Valéria Christina Amstalden Junqueira was a scientific researcher at the Food Technology Institute (ITAL) at the Center of Quality and Food Science (CCQA) in Campinas, SP, Brazil from 1988 to 2016 and Director of the Microbiology Reference Laboratory at ITAL from 2011 to 2015. She graduated in Biology and has PhD in Food Technology from the State University of Campinas (UNICAMP, Brazil) in the area of hygiene and legislation of foods. She has been a member of the Brazilian delegation at the Codex Committee on Food Hygiene (CCFH) since 2002. Her major research activities are on the control of the microbiological quality of food with an emphasis on anaerobic bacteria, spoilage microorganisms of processed foods, microbiological quality of water and non-alcoholic beverages.
Neliane Ferraz de Arruda Silveira is a scientific researcher at the Food Technology Institute (ITAL) at the Center of Quality and Food Science in Campinas, Brazil. She is a biologist with PhD in Food Technology from the State University of Campinas (UNICAMP, Brazil), in the area of hygiene and legislation of foods. Her major research areas are the control of microbiological quality of food with emphasis on fish and fish products, minimally processed vegetables, foods served in collective meals, meat products and bacteriological quality of drinking water.

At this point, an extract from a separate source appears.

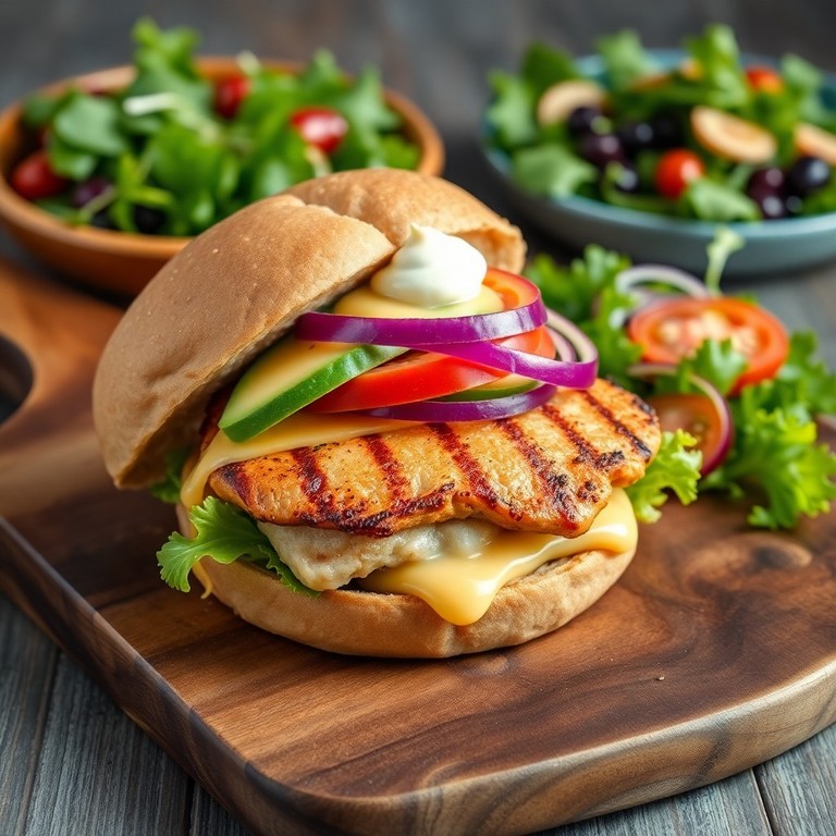Un burger savoureux et riche en protéines, idéal pour un dîner destiné à la prise de masse musculaire. Ce burger combine un filet de poulet grillé assaisonné, du fromage allégé, des légumes frais et une sauce légère au yaourt pour un repas complet et équilibré, prêt en seulement 20 minutes.

Margarete Midori Okazaki is a scientific researcher at the Food Technology Institute (ITAL), at the Center of Quality and Food Science in Campinas, Brazil. She graduated in Food Engineering and has a Master Science degree (Msc.) in Food Technology from the State University of Campinas (UNICAMP, Brazil). She is vice director of the Microbiology Reference Laboratory of the Food Technology Institute and concentrates her activities on the control of the microbiological quality of food and water and on technical training focused on microbiological examination methods.
Renato Abeilar Romeiro Gomes is a scientific researcher at the Food Technology Institute (ITAL), Campinas, Brazil. He graduated in Agricultural Engineer and has a Master’s degree in Agricultural Engineering from the Federal University of Viçosa, with MBA specialization. He is currently a researcher at the Dairy Technology Center of the Food Technology Institute.